- You’re too small to be of interest to them. Let’s face it, it’s the most common excuse made by business owners. It seems preposterous to them that of the tens of millions of businesses around the world, many of them very lucrative, busy hackers would have time for them. What they don’t realize is that cybercrime has become automated and the hackers have sophisticated tools that will scour the internet looking for unprotected websites and poorly protected or unpatched computers and networks.
- You have nothing worth stealing. “I don’t take credit cards,” or “It’s all handled by a third-party processor” are common responses, and based on the belief that hackers are only after credit cards. All data, any data, is of value. That can include names, addresses, phone numbers, email addresses, buying habits, purchasing history, employee records, Social Security Numbers, intellectual property, passwords. And often the hackers don’t want to take, they want to give. Like using your unprotected websites to hide malware that will be spread to visitors to your site.

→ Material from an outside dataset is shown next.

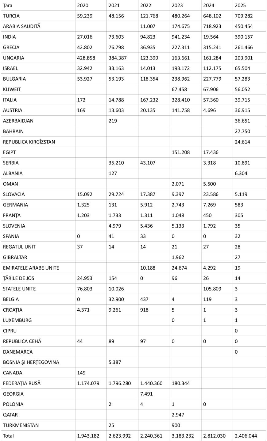 Datele INS arată o transformare radicală: în 2020, aproximativ 68% din motorina importată de România provenea din Rusia. Până în perioada 2024–2025, acest flux a dispărut aproape complet. În locul lui au apărut furnizori noi - Turcia, Arabia Saudită și India - ale căror exporturi către România au crescut exploziv.

- If there is a breach, it won’t be a big deal. In reality, the smallest security breach can be a really big deal. There have been many cases of smaller firms being wiped out by a single piece of malware accidentally downloaded by an employee. And if the hackers don’t get you, the lawyers might. There is now an army of lawyers whose only focus is to sue businesses on behalf of customers whose data was exposed in data or security breaches. And of course there are all the regulators and the fines they can impose, not to mention the long-lasting damage to your brand and reputation if your customers think they can’t trust you.
- Antivirus software and a firewall are all you need to be safe. Don’t get me wrong, they’re essential, but there’s so much more to security. Businesses that have relied on just the basics have found out the hard way that hackers are way too determined to be deterred by the basics.
- A website is really just a flashy billboard to advertise your business. Your website is so much more. It’s often the only way customers can find your business, so if it’s compromised, blacklisted, or otherwise not available, your customers are going elsewhere and probably not returning.
- Your employees pose no risk. No one would ever accuse Irene in accounts of being a hacker’s best friend, right? But many security and data breaches are as a result of exploitations by hackers of mistakes by employees. If your employees are not trained to be sentries, they’ll be quickly turned into vulnerabilities.
- Your password is perfectly fine. How often do you think about your own passwords, let alone those of every other employee in your business? One weak password is all it takes. But in reality, most passwords are weak and exploitable. And if that include FTP access, a complete stranger may end up owning your web site.
Security is as much about avoidance and deterrence as it is about protection. You’re not just trying to keep the bad guys out of your website, you’re doing everything you can to not even come to their attention. Or just persuade them that you have so many layers of security in place, you’re not worth their time. The unlocked car with the purse on the back seat is almost certain to be robbed. The locked car with no visible valuables inside has a much better chance of being ignored. And when it comes to hackers, being ignored is just right.